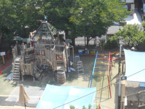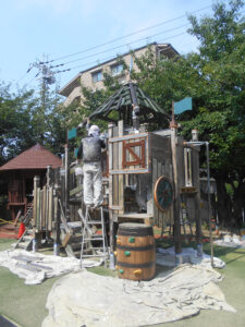 業社(チャイルド社)が来て塗装、ネット付けなどメンテナンスをしています。
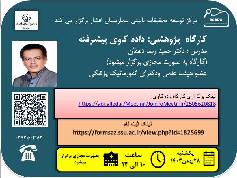 کارگاه داده کاوی پیشرفته با حضور مدرس محترم دکتر حمیدرضا دهقان در تاریخ 1403/11/28 بصورت مجازی برگزار میشود.
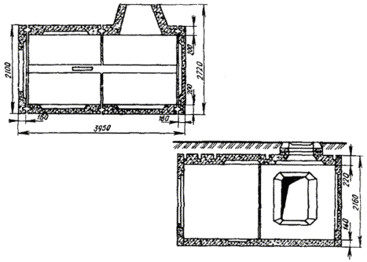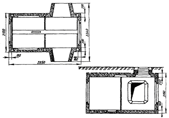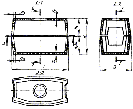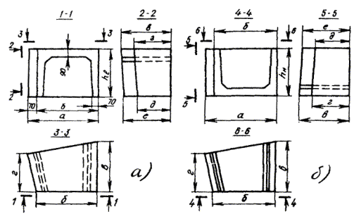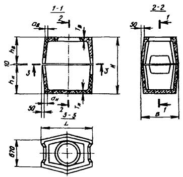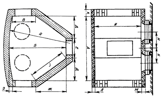 Примечания: 1. Размеры колодцев ККС-1 показаны на рис. 3.16. 2. Конструкция и основные размеры колодца ККС-5М, предназначенного для размещения в нем контейнеров НРП-12 и аппаратуры ИКМ-30, отличаются от колодца ККС-5-80 лишь некоторыми деталями, имея те же основные размеры. Рис. 3.21. Проходной сборный железобетонный колодец специального типа ККСС-1 на 25 - 36 каналов трубопровода Рис. 3.22. Проходной сборный железобетонный колодец специального типа ККСС-2 на 37 - 48 каналов трубопровода Рис. 3.23. Угловой сборный железобетонный колодец специального типа ККССу-1 Рис. 3.24. Разветвительный сборный железобетонный колодец специального типа ККССр-1 Угловые колодцы типа ККССу-2 и разветвительные ККССр-2 монтируют из проходных колодцев ККСС-2 и угловых вставок аналогично изображенным на рис. 3.23 и 3.24. 3.87. Угловые вставки к сборным железобетонным проходным колодцам представляют собой специальные железобетонные устройства (карманы), пристраиваемые к типовым проходным колодцам для ввода трубопровода со стороны поворота или разветвления трассы канализации. Такие вставки изготовляются из двух частей (половин): верхней и нижней. При сборке в заводских условиях вставки к колодцам типа ККС-4 и ККС-3, кроме того, могут применяться и цельными. Двухэлементные угловые вставки к колодцам типа ККС-3-80(10), ККС-4-80(10) и ККС-5-80(10) изображены на рис. 3.25, а одноэлементные вставки к колодцам типа ККС-3-80(10) и ККС-4-80(10) - на рис. 3.26. Их размеры приведены в табл. 3.9. Разработаны и применяются также конструкции цельных и двухэлементных угловых вставок для установки на существующем блоке к сборным железобетонным колодцам специального типа. Рис. 3.25. Двухэлементная угловая вставка к сборным железобетонным колодцам типа ККС-3-80(10), ККС-4-80(10) и ККС-5-80(10): а) верх (ККС-3-В1); б) низ (ККС-3-В2) Рис. 3.26. Одноэлементная угловая вставка к сборным железобетонным колодцам типа ККС-3-80(10) и ККС-4-80(10) Таблица 3.9 Основные размеры угловых вставок, мм
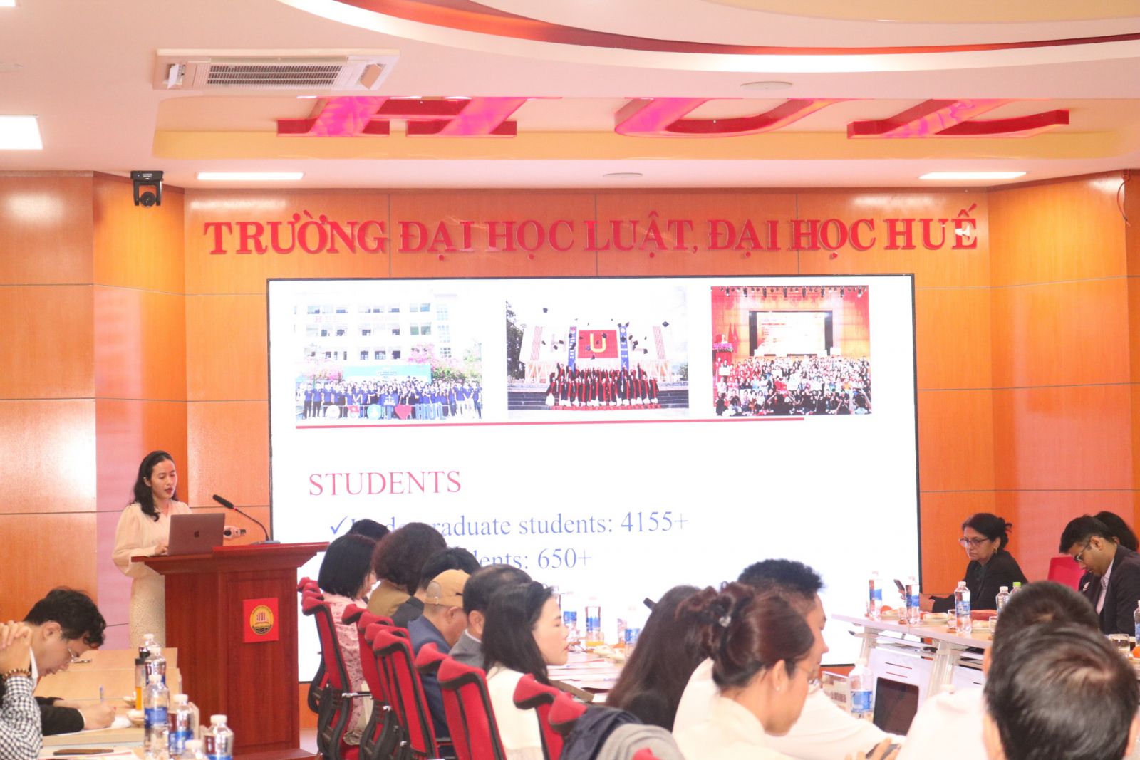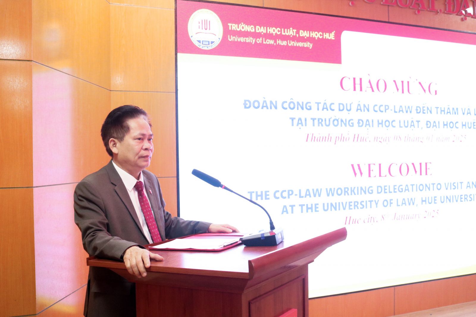 Về phía đại học Huế có PGS.TS. Nguyễn Xuân Huy, Phó Trưởng Ban KHCN&QHQT Đại học Huế. Tham dự buổi đón tiếp về phía Trường Đại học Luật, Đại học Huế có PGS.TS. Nguyễn Duy Phương, Phó Bí thư Đảng uỷ, Phó Hiệu trưởng cùng trưởng các đơn vị trong Nhà trường.
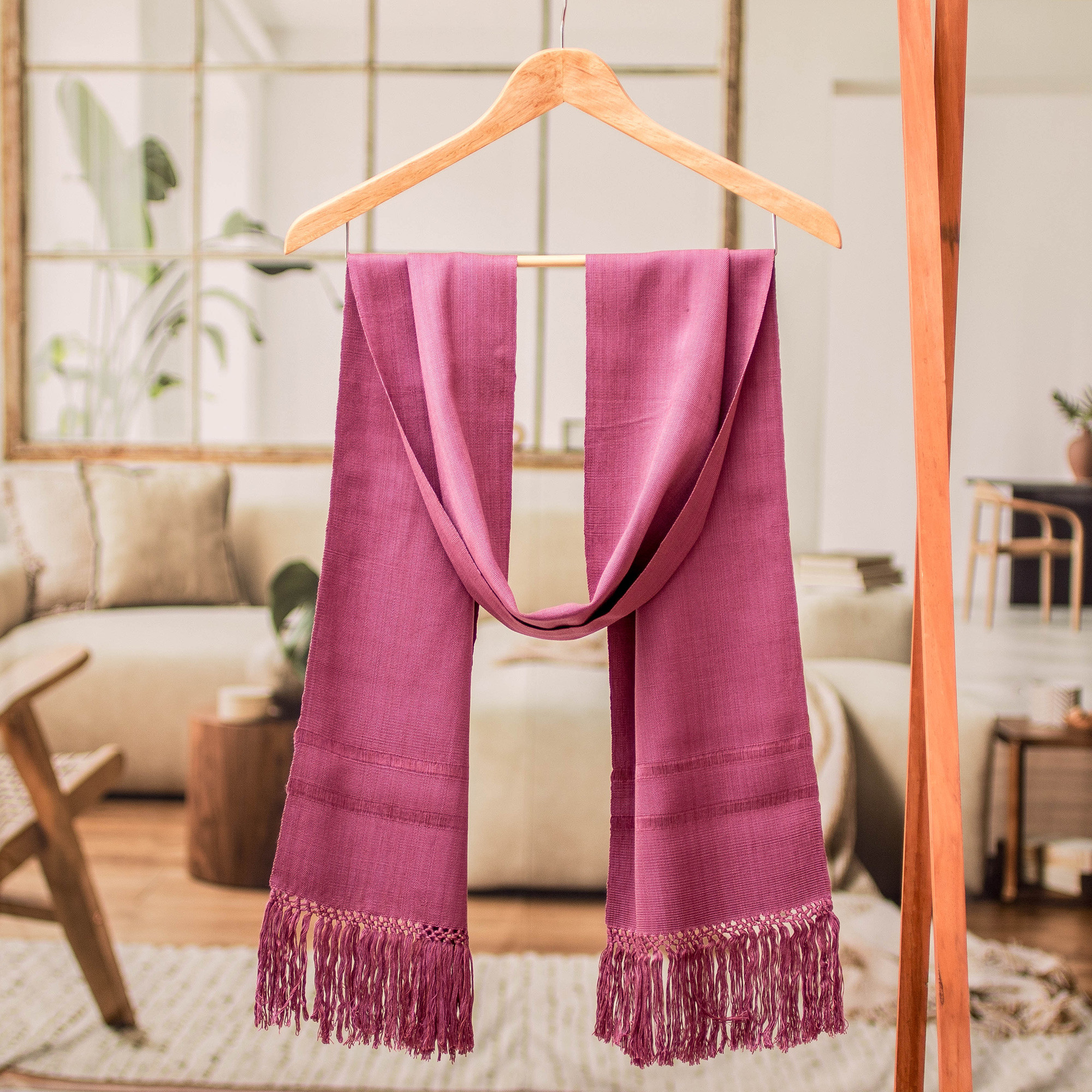 Feel the heartbeat of Guatemalan craftsmanship against your skin with this radiant rayon scarf meticulously hand-woven by the women of the Ranm Ixoqi' group. The smooth, lustrous threads come together in perfect harmony, culminating in a playful fringe that dances at each end. This adaptable accessory that mixes purple and brown yarns is the perfect layering accessory to infuse your look with color and artisanal glamour.
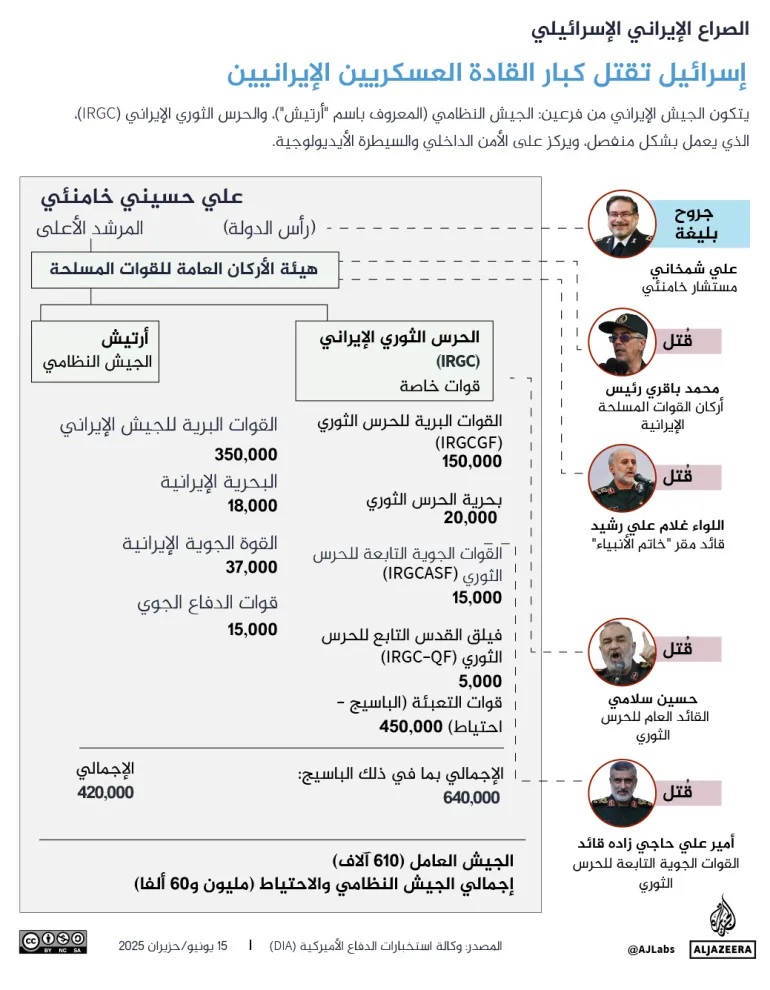 أسفرت الهجمات الإسرائيلية يوم 15 يونيو/ حزيران 2025 عن مقتل ما لا يقل عن 4 قادة كبار في الحرس الثوري الإسلامي (آي آر جيه سي)، بمن فيهم القائد الأعلى حسين سلامي.
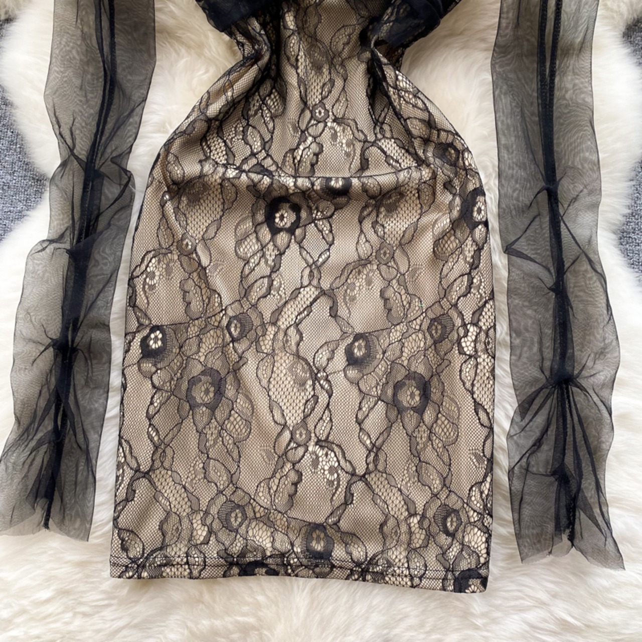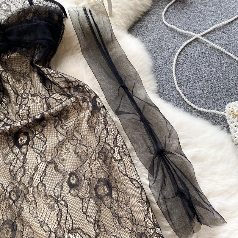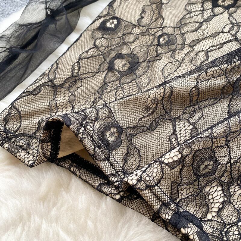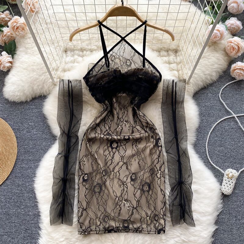 Mesh long-sleeved tube top suspender dress female pure desire style sexy tight-fitting thin super fairy temperament package hip skirt ロング メッシュ スカート ピュア lyxaj16457400035
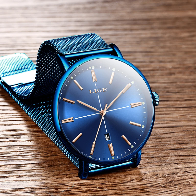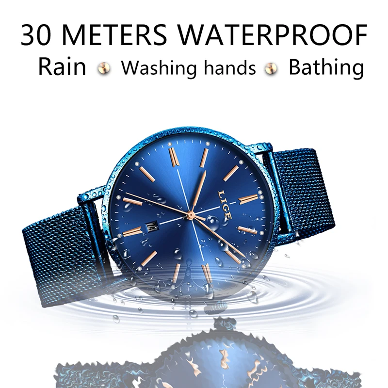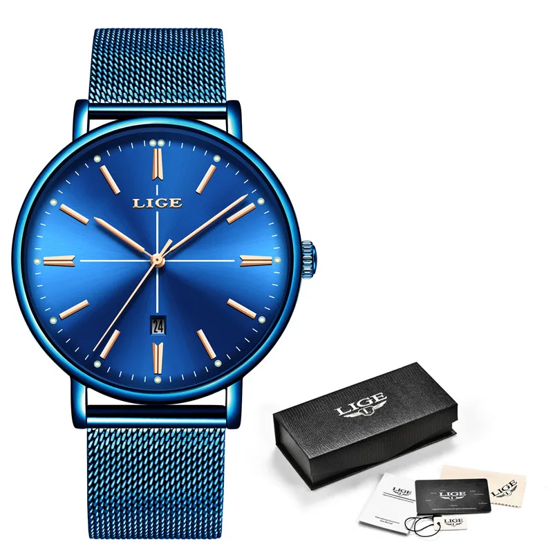 Relogio Feminino LIGE, новые синие часы, женские роскошные брендовые модные часы, кварцевые часы для девушек, полностью стальной сетчатый ремешок, водонепроницаемые часы
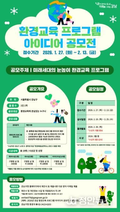 정안뉴스 안정주 기자 | 꿈이 모이는 도시, 미래를 그리는 강남구가 학교 현장에서 바로 활용할 수 있는 환경교육 콘텐츠를 발굴하기 위해 ‘2026년 강남 환경교육 프로그램 공모전’을 1월 27일부터 2월 13일까지 진행한다.
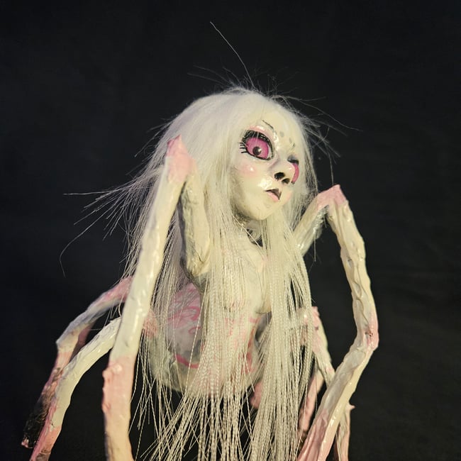 A pair of arachnid sisters, carefully sculpted and painted. Will creep behind furniture and in dark places, peering at you with glassy eyes and scampering on skinny legs.
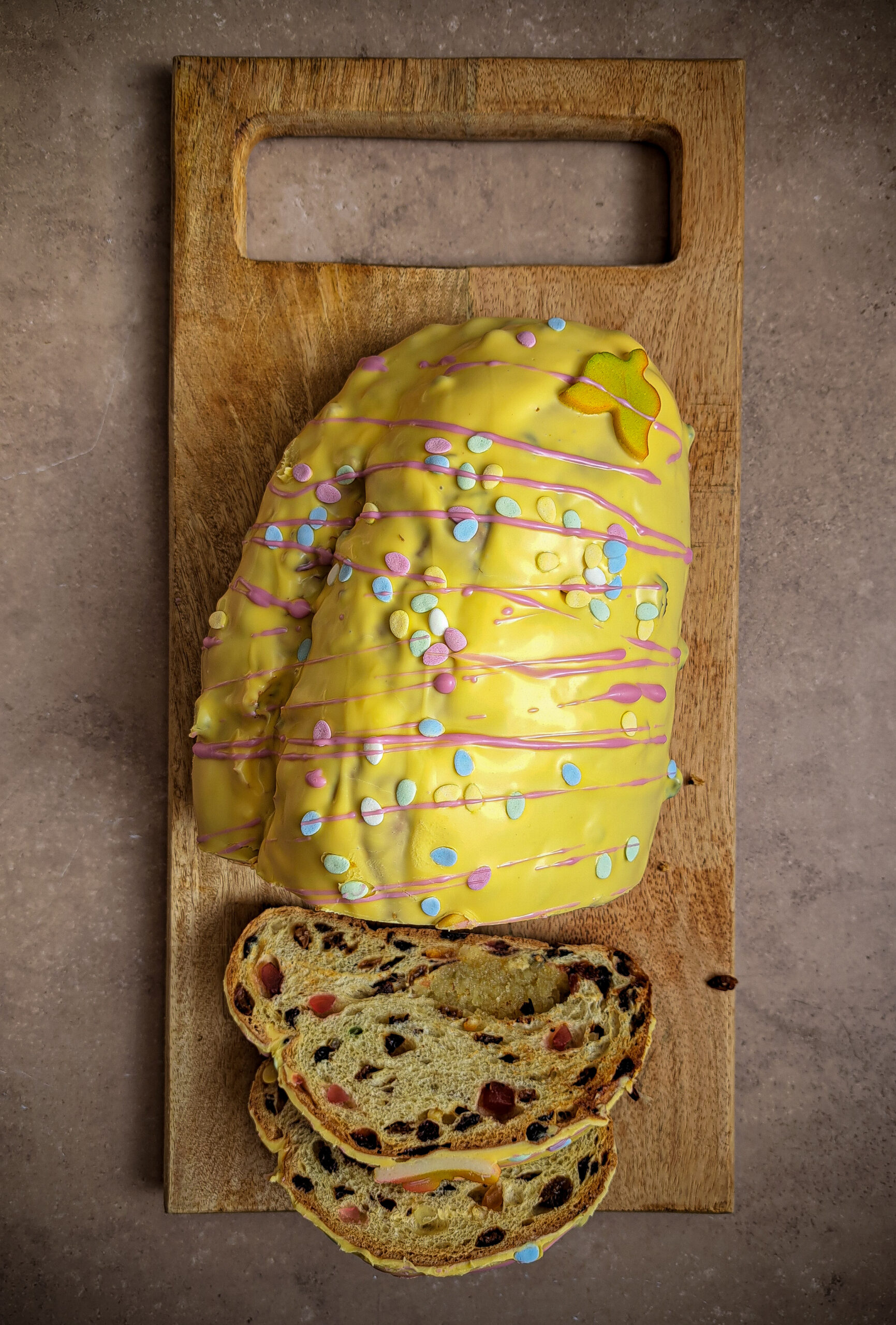 De geur van vers gebakken paasstol vult de bakkerij nog vóór zonsopgang. Met amandelpasta, gedroogde vruchten en een dunne laag poedersuiker — precies goed.

· · ·

**WORK TASK**.
Retype the data word for word and keep the pictures out of it.

**RESULT**.
 業社(チャイルド社)が来て塗装、ネット付けなどメンテナンスをしています。
 کارگاه داده کاوی پیشرفته با حضور مدرس محترم دکتر حمیدرضا دهقان در تاریخ 1403/11/28 بصورت مجازی برگزار میشود.
 Примечания: 1. Размеры колодцев ККС-1 показаны на рис. 3.16. 2. Конструкция и основные размеры колодца ККС-5М, предназначенного для размещения в нем контейнеров НРП-12 и аппаратуры ИКМ-30, отличаются от колодца ККС-5-80 лишь некоторыми деталями, имея те же основные размеры. Рис. 3.21. Проходной сборный железобетонный колодец специального типа ККСС-1 на 25 - 36 каналов трубопровода Рис. 3.22. Проходной сборный железобетонный колодец специального типа ККСС-2 на 37 - 48 каналов трубопровода Рис. 3.23. Угловой сборный железобетонный колодец специального типа ККССу-1 Рис. 3.24. Разветвительный сборный железобетонный колодец специального типа ККССр-1 Угловые колодцы типа ККССу-2 и разветвительные ККССр-2 монтируют из проходных колодцев ККСС-2 и угловых вставок аналогично изображенным на рис. 3.23 и 3.24. 3.87. Угловые вставки к сборным железобетонным проходным колодцам представляют собой специальные железобетонные устройства (карманы), пристраиваемые к типовым проходным колодцам для ввода трубопровода со стороны поворота или разветвления трассы канализации. Такие вставки изготовляются из двух частей (половин): верхней и нижней. При сборке в заводских условиях вставки к колодцам типа ККС-4 и ККС-3, кроме того, могут применяться и цельными. Двухэлементные угловые вставки к колодцам типа ККС-3-80(10), ККС-4-80(10) и ККС-5-80(10) изображены на рис. 3.25, а одноэлементные вставки к колодцам типа ККС-3-80(10) и ККС-4-80(10) - на рис. 3.26. Их размеры приведены в табл. 3.9. Разработаны и применяются также конструкции цельных и двухэлементных угловых вставок для установки на существующем блоке к сборным железобетонным колодцам специального типа. Рис. 3.25. Двухэлементная угловая вставка к сборным железобетонным колодцам типа ККС-3-80(10), ККС-4-80(10) и ККС-5-80(10): а) верх (ККС-3-В1); б) низ (ККС-3-В2) Рис. 3.26. Одноэлементная угловая вставка к сборным железобетонным колодцам типа ККС-3-80(10) и ККС-4-80(10) Таблица 3.9 Основные размеры угловых вставок, мм
 Về phía đại học Huế có PGS.TS. Nguyễn Xuân Huy, Phó Trưởng Ban KHCN&QHQT Đại học Huế. Tham dự buổi đón tiếp về phía Trường Đại học Luật, Đại học Huế có PGS.TS. Nguyễn Duy Phương, Phó Bí thư Đảng uỷ, Phó Hiệu trưởng cùng trưởng các đơn vị trong Nhà trường.
 Feel the heartbeat of Guatemalan craftsmanship against your skin with this radiant rayon scarf meticulously hand-woven by the women of the Ranm Ixoqi' group. The smooth, lustrous threads come together in perfect harmony, culminating in a playful fringe that dances at each end. This adaptable accessory that mixes purple and brown yarns is the perfect layering accessory to infuse your look with color and artisanal glamour.
 أسفرت الهجمات الإسرائيلية يوم 15 يونيو/ حزيران 2025 عن مقتل ما لا يقل عن 4 قادة كبار في الحرس الثوري الإسلامي (آي آر جيه سي)، بمن فيهم القائد الأعلى حسين سلامي.
 Mesh long-sleeved tube top suspender dress female pure desire style sexy tight-fitting thin super fairy temperament package hip skirt ロング メッシュ スカート ピュア lyxaj16457400035
 Relogio Feminino LIGE, новые синие часы, женские роскошные брендовые модные часы, кварцевые часы для девушек, полностью стальной сетчатый ремешок, водонепроницаемые часы
 정안뉴스 안정주 기자 | 꿈이 모이는 도시, 미래를 그리는 강남구가 학교 현장에서 바로 활용할 수 있는 환경교육 콘텐츠를 발굴하기 위해 ‘2026년 강남 환경교육 프로그램 공모전’을 1월 27일부터 2월 13일까지 진행한다.
 A pair of arachnid sisters, carefully sculpted and painted. Will creep behind furniture and in dark places, peering at you with glassy eyes and scampering on skinny legs.
 De geur van vers gebakken paasstol vult de bakkerij nog vóór zonsopgang. Met amandelpasta, gedroogde vruchten en een dunne laag poedersuiker — precies goed.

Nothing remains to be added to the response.